По внегласному соглашению выигравший накануне наполнял ему первый стакан на следующий день.

 

6.

Итак, ты его знала.

— Dirty cops!

Ты лежишь в своей постели с открытыми глазами. Тебе ненавистен цинизм полицейских, которые тебя допрашивали; ты находишь их ужасно мелкими, сводимыми единственно к их работе, не стоящими того, чтобы быть персонажами. При этом ты вовсе не дурочка, ты прекрасно знаешь, что для них, агентов, это не первый труп, что такие шуточки у них в отделе — своеобразный способ сохранить умственное здоровье, как и у хирургов или врачей «скорой помощи» (доносящаяся с улицы сирена неотложки подтверждает, что их жизнь совсем не сахар), но тебе на это плевать, ты похожа на Фаншон в твоем возрасте, тебе дела нет до подобных размышлений сейчас, когда ты совершенно выбита из колеи этими слезами мертвого.

— Dirty cops!

Ты в своей постели.

Я в своем гамаке.

(А Минна на улице, на этот раз вместе с Дан, ломает лопаты ради победы роз над кремнистой почвой.)

 

7.

Как он назывался, твой кинотеатр, Biograph Theater? Северная авеню Линкольна, 2433, так? За шесть лет до того Джон Диллинджер, тогдашний Робин Гуд, помнится, высадился там, прямо перед входом. В то время ты была еще маленькой девочкой, но люди все еще продолжали говорить об этом, когда ты уже стала работать билетершей. Предательница, которая выдала Диллинджера агентам ФБР, была в красном платье — знак узнавания.

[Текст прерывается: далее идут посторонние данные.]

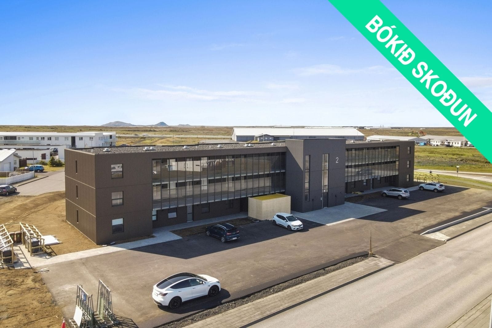Lóð og aðkoma:Bílastæði verða malbikuð. Stéttar við innganga eru hellulagðar og með snjóbræðslukerfi. Hjólaskýli er staðsett á lóðinni sem verður þökulögð.

С романтической точки зрения это было бы невероятной удачей, если бы речь шла о том же кинотеатре. Ко всему прочему Диллинджер напоминал Богарта и, конечно же, был не менее популярен. Легенда гласит, что женщины якобы подходили обмакнуть свои платки в крови героя, после того как «скорая» увезла его труп.

А задняя стена Biograph Theater выходит в тупик? Надо проверить.

 

8.

Это ты позвала двойника посмотреть «Диктатора» (его, который уже не осмеливался даже думать о Чаплине с того самого вечера в машине, в Нью-Йорке!), и ты решила, что несешь ответственность за его смерть. Ты считаешь себя женщиной в красном. Может быть, ты даже провела его бесплатно. Если только у тебя не вошло это в привычку — проводить его через черный ход, ведущий в тупик. Таким образом, ты примирила его с кино. Ведь он давно уже потерял к нему вкус, да и не на что было. В общем, ты его перевоспитала, если можно так сказать. Ты познакомила его с кино сороковых в благодарность за то, что он рассказал тебе о кинематографе двадцатых. Этот человек в самом деле провел часть своей жизни в Голливуде. Ты проверила его истории до последней мелочи. Ты уже достаточно в этом разбираешься, чтобы отличить то, что он вычитал из журналов, от того, что он выдумывает за стаканом и что прожил на самом деле. И хотя он теперь совершенно не похож на Валентино на фотоснимках, он все же был его дублером света в «Сыне шейха», в 1926-м, у тебя нет никаких причин в этом сомневаться. Твоя страсть к кино не переставала подпитываться его упрямо повторяемым монологом, а ваши споры после киносеансов в конце концов помогли тебе сформировать вкус.

По сей день он остается в твоей памяти ангелом-киноманом, Аладдином, вырвавшимся из проектора «Мотиограф», легендарным клошаром, историю которого ты пересказывала своим детям и своим внукам. Один из них — Фредерик, самый младший твой внук — даже напишет по ней сценарий, который будет считать оригинальным, бедняга.

Твой внук Фредерик с треском провалится с этой историей, но дело не в этом.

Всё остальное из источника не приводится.